• EXERCISE DATA:

* * * * * * * * *

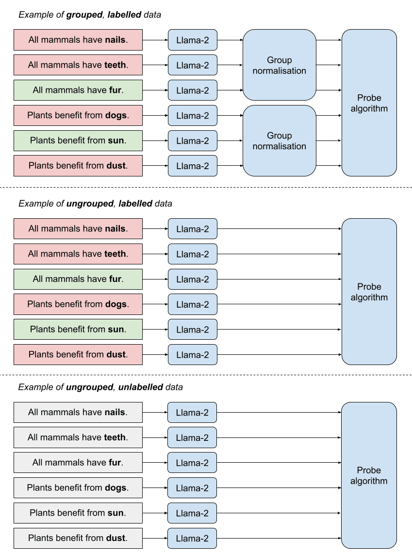 Grouped algorithms utilise “groups” of statements to build the probes. For example, all possible answers to a question (true/false, A/B/C/D) constitute a group. Using this information should allow the probe to remove noise from the representations.
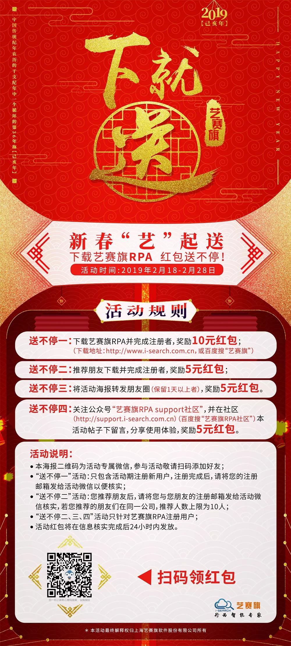 送不停一:下载艺赛旗RPA并完成注册者,奖励10元红包;
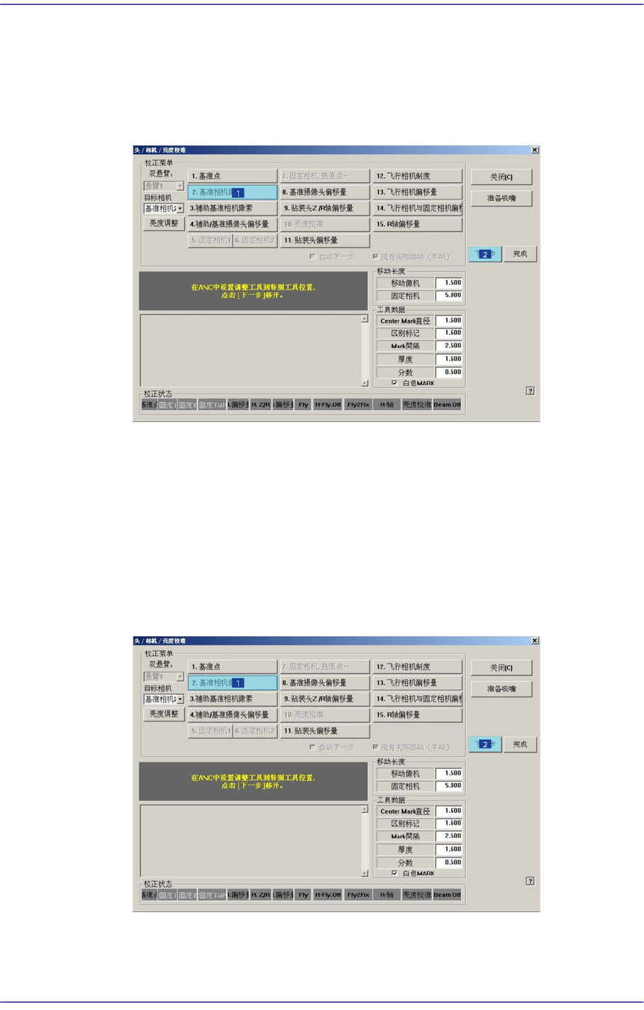 ANC的 Fiducial Mark位置,请点击 <下个>按钮。 这时,前面ANC的校正
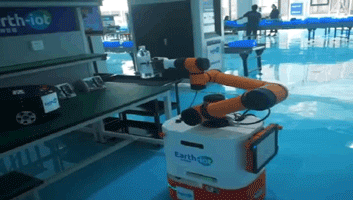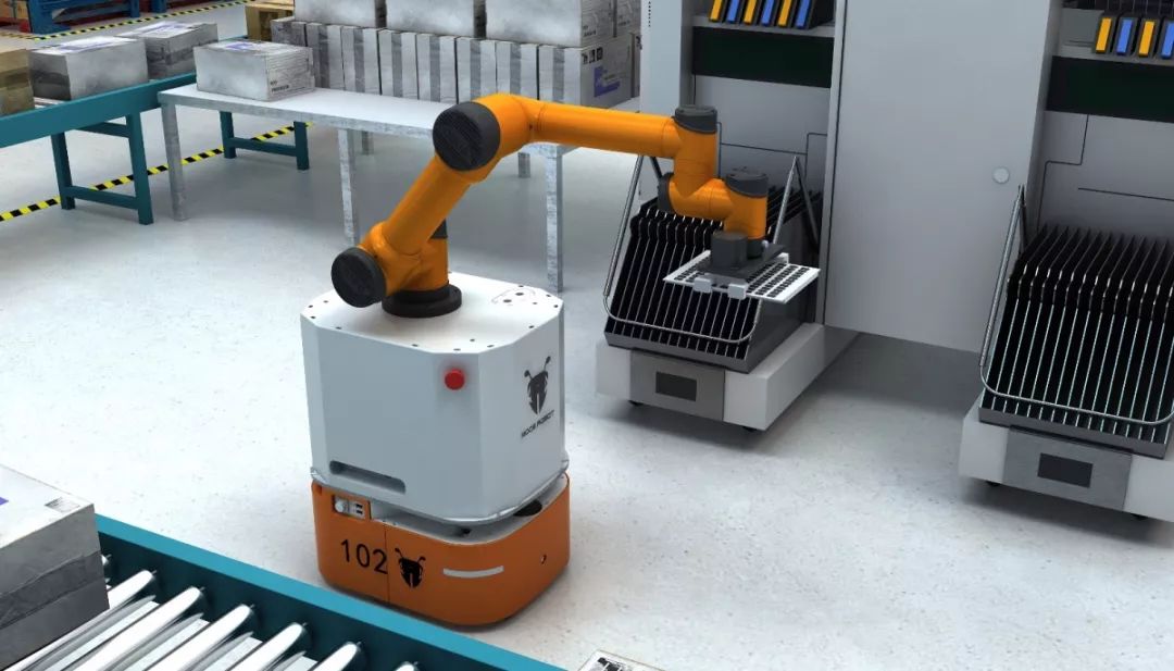 M8底盘可以适配各种类型的机械手臂,能够精准的实现将货物从A点抓取到B点摆放。
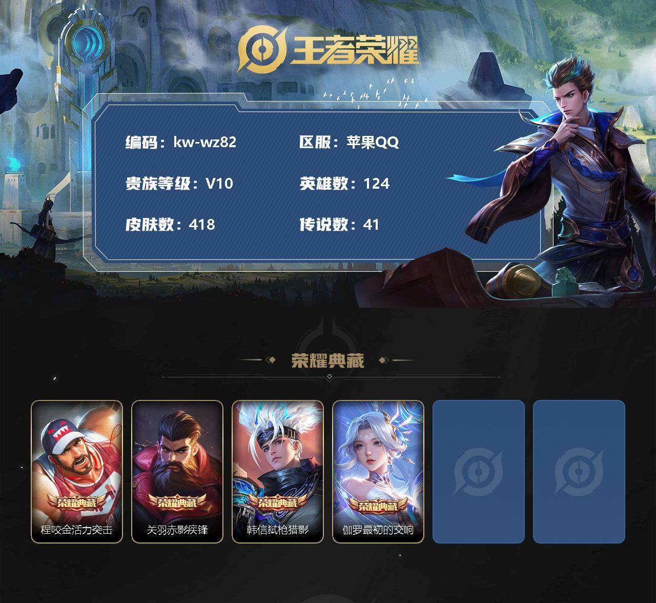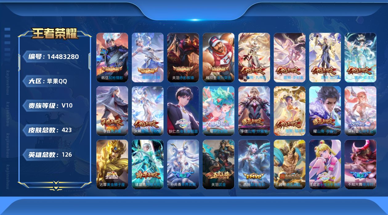[14483280]苹果q-v10-最强王者段位-124英雄-418皮肤-4典藏-0珍品无双-0无双-0珍品传说-41传说-127史诗 【荣耀典藏】:程咬金活力突击,关羽赤影疾锋,韩信弑呛猎影,伽罗最初的交响 【传说皮肤】:司空震愿照山河定,女娲愿照千秋盛,妲己愿照众生和,澜愿照九州拓,蔡文姬愿照福禄聚,虞姬愿照岁时盈,云缨幻光神呛,桑启鸣野蒿,朵莉亚心动手记,艾琳觅芳踪,狄仁杰夜礼服假面,王昭君永恒水手月亮,吕布遇见神鼓,宫本武藏惊梅引,马可波罗妄想实况,东皇太一灼幽烈阳,小乔山海琳琅生,曜山海苍雷引,李信山海炽霜斩,李白诗剑行,狄仁杰神器狴犴令,不知火舞绯月行,王昭君星穹之声,孙策挚爱之约,瑶时之祈愿,鲁班七号寅虎瑞焰,孙尚香异界灵契,西施游龙清影,周瑜音你心动,小乔音你心动,诸葛亮时雨天司,虞姬启明星使,孙悟空零号赤焰,关羽武圣,貂蝉猫影幻舞,干将莫邪久胜战神,虞姬云霓雀翎,达摩黄金狮子座,后羿黄金射手座,李白凤求凰,狄仁杰超时空战士 【限定皮肤】:蔡文姬夏日便利店,大乔绒语心约,虞姬夏日便利店,姜子牙天穹之誓,杨戬破阵退雄兵,狄仁杰阴阳师,廉颇寅虎御盾,小乔山海琳琅生,赵云皇家上将,赵云龙胆,墨子神迹守卫,墨子降魔,妲己时之彼端,妲己时之奇旅,孙尚香异界灵契,鲁班七号狮舞东方,鲁班七号寅虎瑞焰,庄周高山流水,高渐离玩趣恶龙,阿轲迷踪丽影,钟无艳超时空战士,扁鹊奇幻香踪,芈月重明,芈月幻夜卜梦,吕布猎兽之王,吕布遇见神鼓,周瑜赤莲之焰,元歌云间偶戏,元歌无心,夏侯惇朔风刀,甄姬游园惊梦,甄姬落雪兰心,曹操烛龙,典韦穷奇,马可波罗逐梦之星,马可波罗暗影游猎,马可波罗山海玄木吟,马可波罗妄想实况,狄仁杰魔术师,狄仁杰万华元夜,狄仁杰神器狴犴令,达摩星际陆战队,达摩沙漠行僧,项羽海滩派对,老夫子醍醐杖,关羽冰锋战神,关羽武圣,貂蝉逐梦之音,安琪拉魔法小厨娘,程咬金演武夺筹,刘邦夺宝奇兵,王昭君午后时光,王昭君星穹之声,兰陵王驯魔猎人,兰陵王金庭之子,花木兰默契交锋,不知火舞绯月行,亚瑟潮玩骑士王,孙悟空至尊宝,孙悟空零号赤焰,孙悟空孙行者,牛魔御旌,李元芳银河之约,李元芳云中旅人,虞姬启明星使,钟馗驱傩正仪,杨玉环遇见飞天,杨戬潮玩骑兵,干将莫邪胡桃夹子,雅典娜单词大作战,蔡文姬繁星吟游,太乙真人饕餮,鬼谷子原初探秘者,鬼谷子五谷丰年,诸葛亮时雨天司,黄忠火炮绅士,铠青龙志,百里守约

* * * * * * * * *

• WHAT YOU SHOULD DO:
Please return the material above only from the line that holds "ANC的 Fiducial Mark位置,请点击 <下个>按钮。 这时,前面ANC的校正" through the line that holds "M8底盘可以适配各种类型的机械手臂,能够精准的实现将货物从A点抓取到B点摆放。", exactly as it stands, ends included and pictures omitted.

• SOLUTION TO THIS EXERCISE:
 ANC的 Fiducial Mark位置,请点击 <下个>按钮。 这时,前面ANC的校正
 M8底盘可以适配各种类型的机械手臂,能够精准的实现将货物从A点抓取到B点摆放。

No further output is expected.